DISTRIBUTED optimization [1]–[4] has been widely applied to many scenarios such as smart grids [5], [6],traffic networks [7], [8], and sensor networks [9], [10].In these works, the whole task is accomplished by a group of agents with privacy protection, which means that the local objective function of each agent is unknown to others.
In this paper, the existing distributed optimization model is extended to a more complex one, where the global decision variable is a time-variant continuous function rather than just a vector.For each agent, its local objective is the integration of a non-convex function, which is known as the “functional”.These agents try to compute the decision function to minimize the sum of their functionals under privacy protection.The proposed problem is referred to as the minimization of the non-convex objective functionals of multi-agent network.
Most of the existing works [11]–[15] involving distributed optimization focus on the distributed gradient manner, where the agents reach the consensus to the optimal solution through communication with neighbors and the gradient information of its local function.Reference [11] combines the push-sum protocol with a distributed inexact gradient method to solve the distributed optimization problem.Reference [12] raises two bounded distributed protocols to address a global optimal consensus problem.However, these works are concerned with the minimization of the smooth and convex function.When it comes to the non-convex function, the global minimizer cannot be obtained through a derivative.Moreover, the decision variable in the above work is a vector.In contrast, our decision variable is a continuous time-variant function.Hence, the local change of the functional is represented with the variation rather than differential.Thus, these works cannot be directly applied to our problems.

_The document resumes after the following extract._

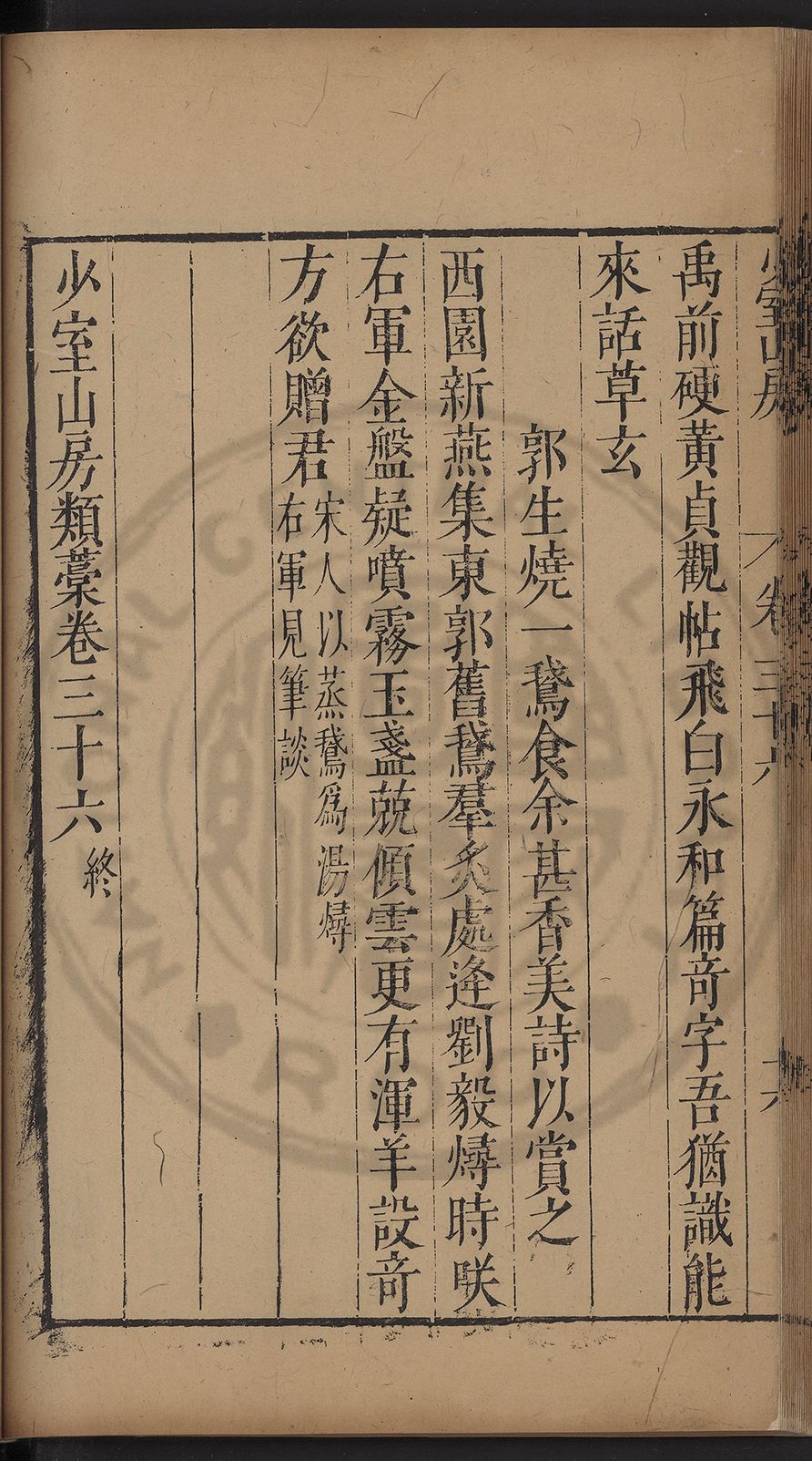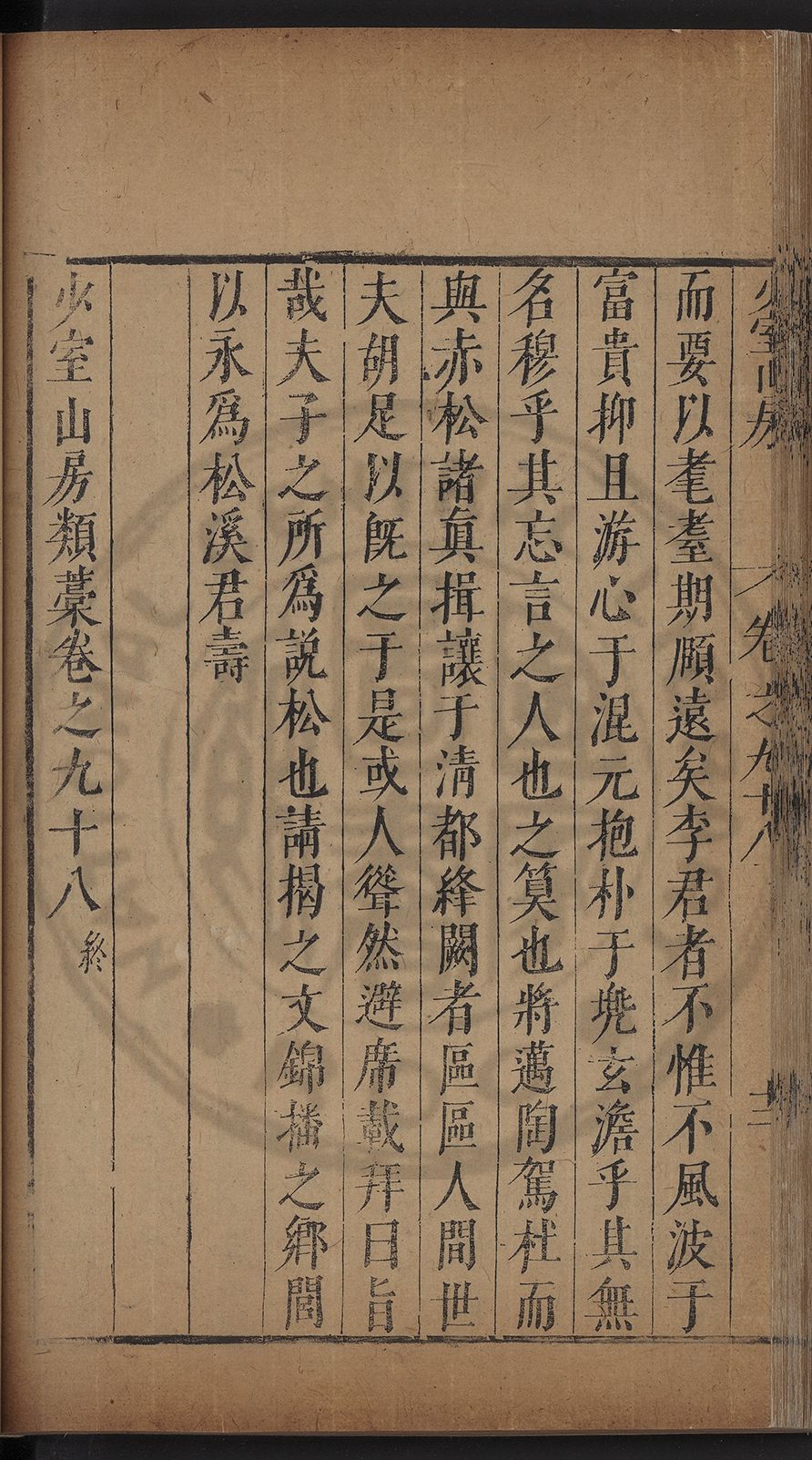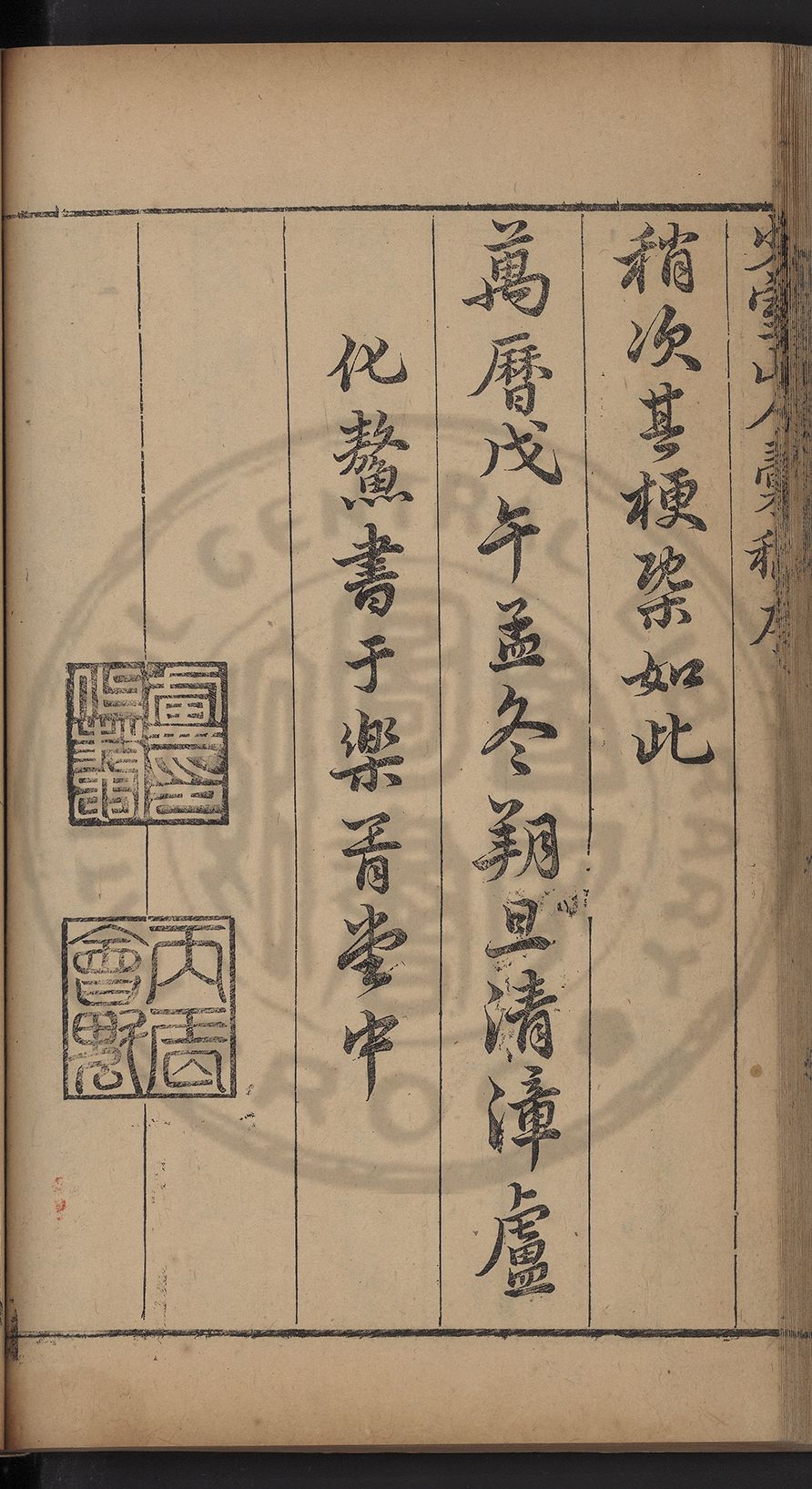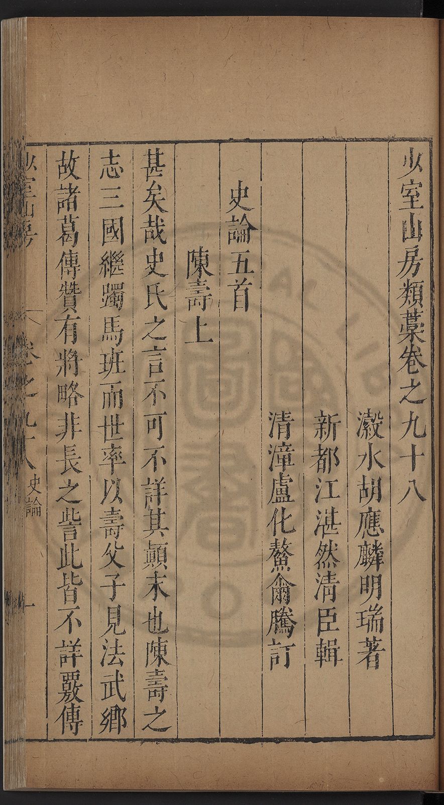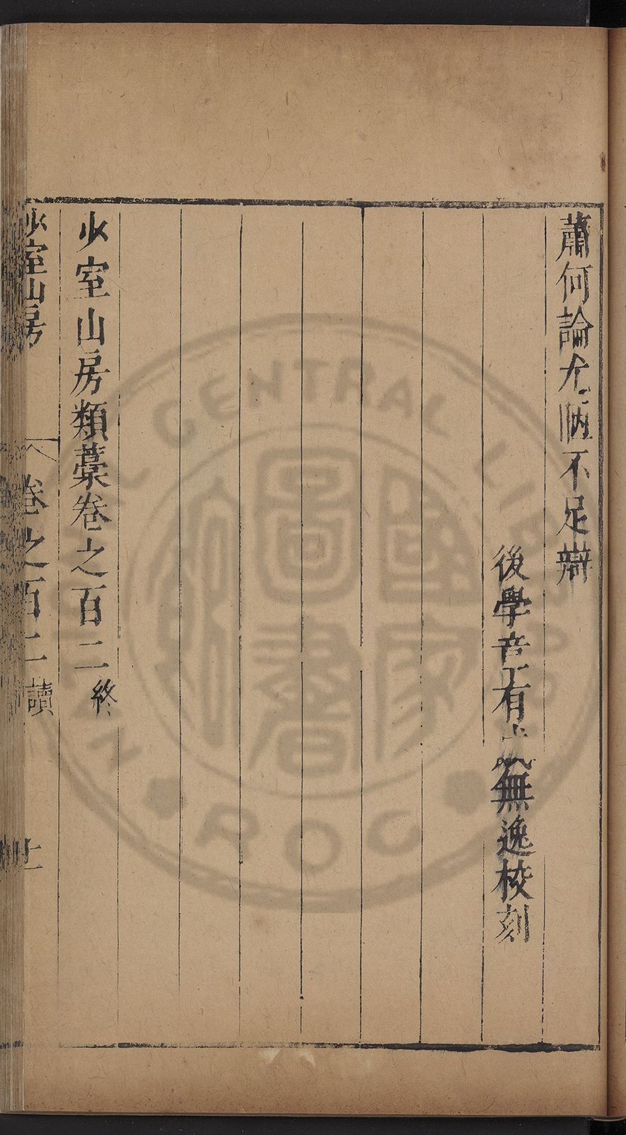 (萬曆戊午三月七之日弟幼清啜洞荼分甘趙文鎮園筍扵碧桃花下讐杖百一卷至二十卷完政其字者二十有九刊補□衍者十三字江清臣記)

Since the overall objective in our problem is the integration of a time-variant function, this problem behaves as a similar feature of a distributed online optimization problem.In[16]–[21], the agents aim to minimize the regret, which quantifies the error between the accumulated time-variant cost and the best-fixed cost knowing the overall objective functions in advance.In [22]–[25], the overall objective also behaves as the feature in the sum of the time-varying cost functions.The existence of the ramp-rate constraint increases its complexity.However, their decision variable is in the form of the discrete function, which means the amount of the variables is finite.In contrast, our decision variable is a continuous function over a bounded time interval.Since this kind of interval is uncountable [26], the amount of the variables is infinite.Moreover,our objective functional takes into account the influence of the derivative of the decision function.Therefore, these works cannot deal with our problem either.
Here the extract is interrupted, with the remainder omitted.